Kerensky, a student activist, radical lawyer, and budding politician, makes the convincing case that Nicholas II was personally responsible for at least some of the tragedies that later befell his country. Prior to the war, Kerensky believes that Nicholas supported a blind, atavistic policy of antidemocratic and anti-modern conservatism. To Kerensky's mind, Nicholas II was absurdly attached to a dying political class, the landed gentry, and scattered elements of chauvinistic and anti-Semitic Russian society. More specifically, the Emperor allowed his government to slaughter miners (Lena Fields Massacre), shoot proletarians (Bloody Sunday), and prosecute Jews for the insane myth of the blood libel (Mendel Beylis), while it simultaneously encouraged the police and secret organs of the state to harass, detain, imprison, and otherwise intimidate any hint of political opposition.

Karensky is kinder to Witte and Stolypin, two of the tsar's only competent and forward-thinking advisers, who nevertheless failed to fully embrace the concepts of constitutionalism and parliamentary democracy that alone might have saved the monarchy from its own incompetence. Kerensky's main contention, a contention supported by the novelist Nabokov and many others, is that without World War I, Russia would have, one way or the other, been transformed into an a liberal democracy.

Contrary to the opinion of the Bolsheviks, history was not on the side of radical revolution. After all, even though Russia was officially governed by a man of limited intellectual subtlety, a man who listened to the likes of Gregory Rasputin, Russia was rapidly becoming a country with a healthy public sphere, including active political parties, rising literacy rates, a freethinking student population, and an active Duma. Kerensky's self-interested argument is that a rapidly industrializing country was bound to be at odds with the medieval concept of unlimited government.

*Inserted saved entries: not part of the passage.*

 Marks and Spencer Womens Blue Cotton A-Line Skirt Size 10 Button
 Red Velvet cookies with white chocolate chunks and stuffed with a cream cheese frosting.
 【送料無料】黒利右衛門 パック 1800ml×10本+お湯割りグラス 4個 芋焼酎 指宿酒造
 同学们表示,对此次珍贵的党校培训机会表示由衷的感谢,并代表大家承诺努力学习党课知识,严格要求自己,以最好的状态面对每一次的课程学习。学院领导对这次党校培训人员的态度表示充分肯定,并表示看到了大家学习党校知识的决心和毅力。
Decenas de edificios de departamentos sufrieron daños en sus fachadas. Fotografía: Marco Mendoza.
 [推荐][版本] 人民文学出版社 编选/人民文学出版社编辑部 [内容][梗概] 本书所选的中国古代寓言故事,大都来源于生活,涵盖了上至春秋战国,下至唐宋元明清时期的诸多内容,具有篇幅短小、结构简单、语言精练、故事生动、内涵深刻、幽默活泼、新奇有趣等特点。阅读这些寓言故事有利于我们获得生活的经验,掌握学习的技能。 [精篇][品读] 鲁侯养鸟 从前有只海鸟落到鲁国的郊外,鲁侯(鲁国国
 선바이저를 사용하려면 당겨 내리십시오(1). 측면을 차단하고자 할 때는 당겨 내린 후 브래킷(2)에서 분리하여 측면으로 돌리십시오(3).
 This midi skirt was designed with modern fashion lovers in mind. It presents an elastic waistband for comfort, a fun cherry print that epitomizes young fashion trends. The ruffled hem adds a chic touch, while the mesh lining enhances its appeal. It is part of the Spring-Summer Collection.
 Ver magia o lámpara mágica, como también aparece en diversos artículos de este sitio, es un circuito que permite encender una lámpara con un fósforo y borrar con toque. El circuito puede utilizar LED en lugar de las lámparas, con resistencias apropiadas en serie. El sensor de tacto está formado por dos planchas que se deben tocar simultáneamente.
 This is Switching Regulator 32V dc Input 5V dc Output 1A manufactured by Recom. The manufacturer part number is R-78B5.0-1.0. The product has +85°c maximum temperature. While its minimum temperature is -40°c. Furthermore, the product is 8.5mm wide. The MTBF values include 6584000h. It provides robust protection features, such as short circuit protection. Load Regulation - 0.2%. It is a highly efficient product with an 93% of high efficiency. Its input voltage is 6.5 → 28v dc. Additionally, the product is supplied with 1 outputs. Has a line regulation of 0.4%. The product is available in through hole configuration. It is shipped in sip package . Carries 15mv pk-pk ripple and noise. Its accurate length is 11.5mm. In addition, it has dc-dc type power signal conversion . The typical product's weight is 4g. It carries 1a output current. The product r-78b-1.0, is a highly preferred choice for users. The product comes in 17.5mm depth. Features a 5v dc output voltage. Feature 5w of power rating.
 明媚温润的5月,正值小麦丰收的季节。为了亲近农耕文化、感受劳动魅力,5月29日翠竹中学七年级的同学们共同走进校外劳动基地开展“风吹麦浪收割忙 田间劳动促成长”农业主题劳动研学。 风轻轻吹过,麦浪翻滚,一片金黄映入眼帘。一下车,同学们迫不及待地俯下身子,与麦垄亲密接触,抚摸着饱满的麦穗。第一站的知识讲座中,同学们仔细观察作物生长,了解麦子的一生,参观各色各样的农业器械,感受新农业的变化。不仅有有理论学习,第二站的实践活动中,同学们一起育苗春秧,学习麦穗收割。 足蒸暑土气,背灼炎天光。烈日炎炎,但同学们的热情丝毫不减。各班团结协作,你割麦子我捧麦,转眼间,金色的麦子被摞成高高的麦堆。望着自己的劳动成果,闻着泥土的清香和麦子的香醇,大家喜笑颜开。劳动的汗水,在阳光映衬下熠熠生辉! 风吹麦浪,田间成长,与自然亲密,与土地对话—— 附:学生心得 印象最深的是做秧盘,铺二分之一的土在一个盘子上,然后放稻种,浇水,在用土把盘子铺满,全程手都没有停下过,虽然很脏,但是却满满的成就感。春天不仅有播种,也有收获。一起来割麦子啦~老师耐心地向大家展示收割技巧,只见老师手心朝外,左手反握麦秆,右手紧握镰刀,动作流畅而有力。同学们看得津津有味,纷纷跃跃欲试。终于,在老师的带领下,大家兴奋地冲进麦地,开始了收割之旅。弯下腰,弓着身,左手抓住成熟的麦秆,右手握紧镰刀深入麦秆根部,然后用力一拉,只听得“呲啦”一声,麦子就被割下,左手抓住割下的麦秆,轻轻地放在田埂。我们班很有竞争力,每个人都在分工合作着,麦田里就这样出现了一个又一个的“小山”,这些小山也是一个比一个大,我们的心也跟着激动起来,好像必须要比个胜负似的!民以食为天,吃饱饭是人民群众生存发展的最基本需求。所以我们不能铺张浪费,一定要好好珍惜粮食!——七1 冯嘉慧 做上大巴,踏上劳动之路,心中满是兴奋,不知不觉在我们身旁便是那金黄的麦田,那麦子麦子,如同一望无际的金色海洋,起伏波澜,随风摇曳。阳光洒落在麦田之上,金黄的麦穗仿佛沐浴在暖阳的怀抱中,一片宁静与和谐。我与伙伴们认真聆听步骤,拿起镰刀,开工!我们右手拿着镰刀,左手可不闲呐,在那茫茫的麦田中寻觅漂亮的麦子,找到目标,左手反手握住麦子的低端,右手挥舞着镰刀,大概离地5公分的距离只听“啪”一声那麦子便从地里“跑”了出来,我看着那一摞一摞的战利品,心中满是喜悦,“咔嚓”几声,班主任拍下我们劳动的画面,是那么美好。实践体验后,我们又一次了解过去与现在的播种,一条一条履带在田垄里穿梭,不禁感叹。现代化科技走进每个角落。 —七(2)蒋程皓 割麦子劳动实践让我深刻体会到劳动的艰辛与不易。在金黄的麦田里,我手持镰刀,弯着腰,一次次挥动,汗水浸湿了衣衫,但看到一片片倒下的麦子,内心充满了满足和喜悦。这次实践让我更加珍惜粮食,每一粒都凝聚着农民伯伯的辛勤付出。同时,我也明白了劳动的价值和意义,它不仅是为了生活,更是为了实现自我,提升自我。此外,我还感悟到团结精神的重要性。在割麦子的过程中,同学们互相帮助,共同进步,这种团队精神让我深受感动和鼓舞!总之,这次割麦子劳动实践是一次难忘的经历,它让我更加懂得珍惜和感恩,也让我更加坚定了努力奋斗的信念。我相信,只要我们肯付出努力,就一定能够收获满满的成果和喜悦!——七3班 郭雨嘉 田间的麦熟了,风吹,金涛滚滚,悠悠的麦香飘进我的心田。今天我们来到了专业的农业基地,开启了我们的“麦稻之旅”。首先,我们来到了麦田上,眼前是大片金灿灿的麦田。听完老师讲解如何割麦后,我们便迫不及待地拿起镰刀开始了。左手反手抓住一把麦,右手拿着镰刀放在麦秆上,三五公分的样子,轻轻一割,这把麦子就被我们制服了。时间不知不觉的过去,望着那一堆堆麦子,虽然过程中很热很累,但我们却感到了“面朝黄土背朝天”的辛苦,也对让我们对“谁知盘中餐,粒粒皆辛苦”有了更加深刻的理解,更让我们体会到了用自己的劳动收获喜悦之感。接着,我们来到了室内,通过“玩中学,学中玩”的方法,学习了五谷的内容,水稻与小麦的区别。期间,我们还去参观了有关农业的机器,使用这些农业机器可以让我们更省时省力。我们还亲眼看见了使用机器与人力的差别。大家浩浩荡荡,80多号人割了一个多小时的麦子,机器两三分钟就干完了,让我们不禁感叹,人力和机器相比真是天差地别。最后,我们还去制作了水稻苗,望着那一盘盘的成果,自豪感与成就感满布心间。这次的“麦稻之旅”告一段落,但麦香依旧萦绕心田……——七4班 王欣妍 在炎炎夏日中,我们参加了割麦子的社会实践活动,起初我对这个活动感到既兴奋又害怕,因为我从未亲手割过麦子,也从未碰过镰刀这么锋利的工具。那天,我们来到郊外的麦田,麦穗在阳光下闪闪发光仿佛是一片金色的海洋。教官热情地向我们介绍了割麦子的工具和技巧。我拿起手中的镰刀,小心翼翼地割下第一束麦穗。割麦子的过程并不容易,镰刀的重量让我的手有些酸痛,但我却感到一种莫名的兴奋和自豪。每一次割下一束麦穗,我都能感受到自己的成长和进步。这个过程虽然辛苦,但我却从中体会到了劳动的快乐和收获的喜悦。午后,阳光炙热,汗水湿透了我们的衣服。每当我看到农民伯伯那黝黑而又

One irony of Kerensky's book is that its obsession with the origins of World War I helps one to understand one of the Provisional Government's primary weaknesses. If Russia's peasant masses failed to care about Russia's commitment to the allies, how much less should historians care whether or not Russia's diplomatic posture was correct or not in the Serbian crisis. In the end, the war could not have been good for Russian under even the best of circumstances. But after several years of military and economic disaster, Kerensky's honorable commitment to continue the war may well have been preposterously misguided.